This is the mail archive of the
gcc@gcc.gnu.org
mailing list for the GCC project.
Re: Memory footprint/compile time explosion caused by the tree inliner
- From: Mike Stump <mrs at apple dot com>
- To: Eric Botcazou <ebotcazou at libertysurf dot fr>
- Cc: gcc at gcc dot gnu dot org
- Date: Thu, 17 Apr 2003 16:38:54 -0700
- Subject: Re: Memory footprint/compile time explosion caused by the tree inliner
On Thursday, April 17, 2003, at 03:15 PM, Eric Botcazou wrote:
PR optimization/10160 reports a huge compile time regression (4h30min
vs a
few minutes) on the 3.3 branch wrt the 3.2 branch for LyX/QT on Sparc.
We fix this, then break it, then fix it, then break it. :-( We are
doing something wrong.
Let me explain, in C++, there are no non-inlined functions. In C++,
there are no function bigger than 5 lines. Now, choose your inlining
strategy.
Hint, inlining all function under 6 lines doesn't work. Hint, inlining
all functions that are inline doesn't work.

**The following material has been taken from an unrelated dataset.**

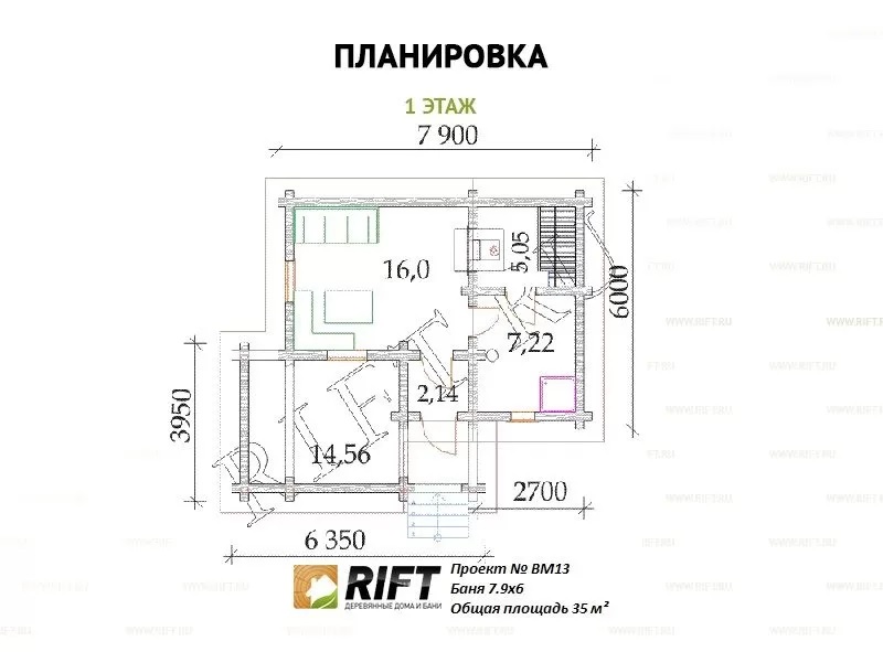 Площадь: 35 м2

Possible solutions, don't allow more than 15x growth in caller, don't
allow caller to grow past 1,000 stmts.
The
time is mostly (85%) spent in the scheduler but the regression is
caused by
the tree inliner.
It would be nice if the scheduler works with very large functions. It
is ok to miss some of the edges, as long as the creamy center is nice.
For example, one constructor grows from 128 stmts to 15437 stmts
(154370
insns according to the fixed conversion factor), that is more than 100
times. Given that the scheduler is at least O(n^2), the game is over.
The problem is the new heuristics of the tree inliner:
int sum_insns = (id ? id->inlined_stmts : 0) * INSNS_PER_STMT
+ currfn_insns;
/* In the extreme case that we have exceeded the recursive
inlining
limit by a huge factor (128), we just say no. Should not
happen
in real life. */
This comment it wrong. The comment should read, this happens all the
time in C++.
if (sum_insns > MAX_INLINE_INSNS * 128)
Suggestion:
if (sum_insns > MAX_INLINE_INSNS * 128
|| sum_insns > 15 * (currfn_insn - (id ? id->inlined_stmts : 0)))
Better, make the 15 a parameter. Try values 2-20 on real C++ code,
benchmark the benefit v compile time, set value near knee. I think the
relative cap is better than an absolute cap, as large bodied functions
(aka C), the limit will be higher, and in small bodied functions, the
limit will be lower.
:-(
Thanks for tacking this down, wanna try testing out the code above and
find a reasonable constant and submit it?